Data records:
┄┄┄┄┄┄┄┄┄┄┄┄┄┄┄┄┄┄┄┄

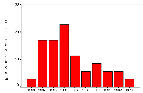 No ano de formatura temos que a maioria é formada no ano de 1995 . Quanto ao tempo de atuação como auxiliar de enfermagem a maioria tem 5 anos de trabalho na área.
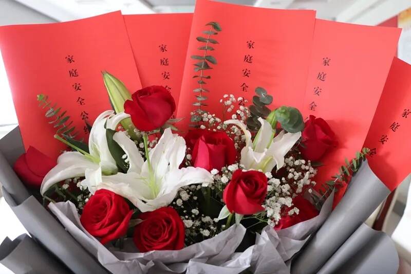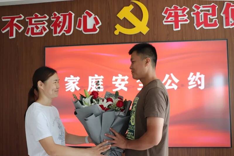 为营造温馨氛围,鼓励职工家庭勇敢表达深藏心底的爱意,女工委特意准备了象征炽热爱意的红玫瑰与代表“百年好合”的百合花束。鲜花传递之间,平日里不善言辞的丈夫们眼神柔软,妻子们笑中带泪,一句句“辛苦了”“注意安全”“我等你回家”的真情流露,让现场充满了感动与温暖。安全不再是标语口号,而是亲人之间最牵挂的叮咛。
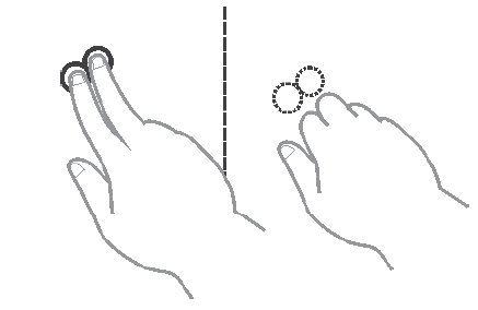 You can interact with your computer by placing two fingers on the screen. Moving your fingers across the screen creates "gestures" that you use to send commands to the computer. Here are the multi-touch gestures you can use:
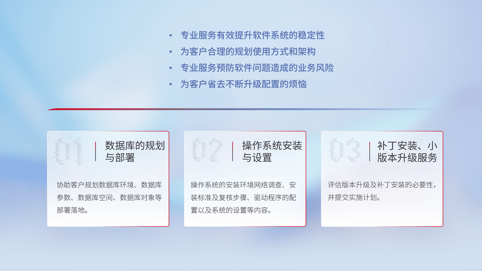为客户提供软件规模升级、、快速部署、、、、按需配置的专业服务,,,,从数据库的规划与部署到操作系统的安装与设置,,再到补丁安装和小版本升级提供支持。。。。
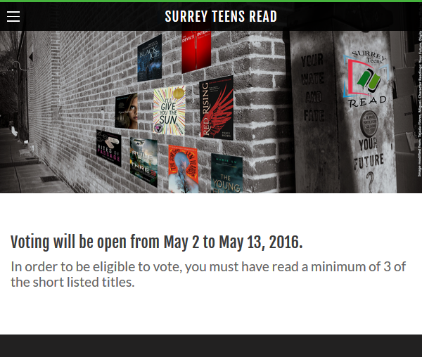 Voting opens May 2nd for the Surrey Teens Read 2016 “Book of the Year.”
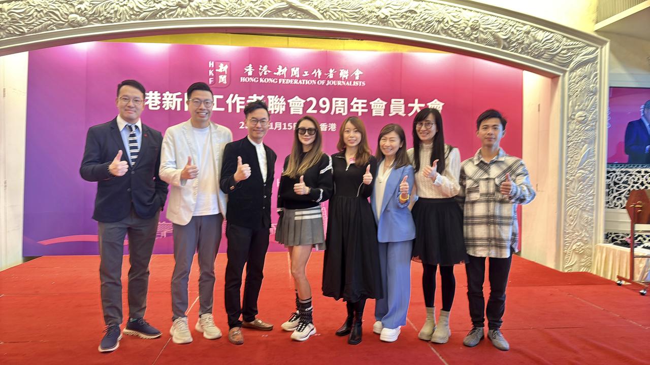 香港新闻工作者联会 29 周年会员大会 网络红人工作者协会小伙伴出席支持香港新闻工作者联会 29 周年会员大会,恭贺大会按规程通过各项议程,祝贺香港新闻工作者联会会务蒸蒸日上,继续为香港发放正能量,高sir感谢联会邀请及所有工作人员的安排,感谢各位KOL出席支持。

┄┄┄┄┄┄┄┄┄┄┄┄┄┄┄┄┄┄┄┄

EXERCISE REQUIREMENTS: Please transcribe word for word the lines from the one bearing "为客户提供软件规模升级、、快" through the last line of the records above, omitting the pictures.

TASK RESPONSE:
为客户提供软件规模升级、、快速部署、、、、按需配置的专业服务,,,,从数据库的规划与部署到操作系统的安装与设置,,再到补丁安装和小版本升级提供支持。。。。
 Voting opens May 2nd for the Surrey Teens Read 2016 “Book of the Year.”
 香港新闻工作者联会 29 周年会员大会 网络红人工作者协会小伙伴出席支持香港新闻工作者联会 29 周年会员大会,恭贺大会按规程通过各项议程,祝贺香港新闻工作者联会会务蒸蒸日上,继续为香港发放正能量,高sir感谢联会邀请及所有工作人员的安排,感谢各位KOL出席支持。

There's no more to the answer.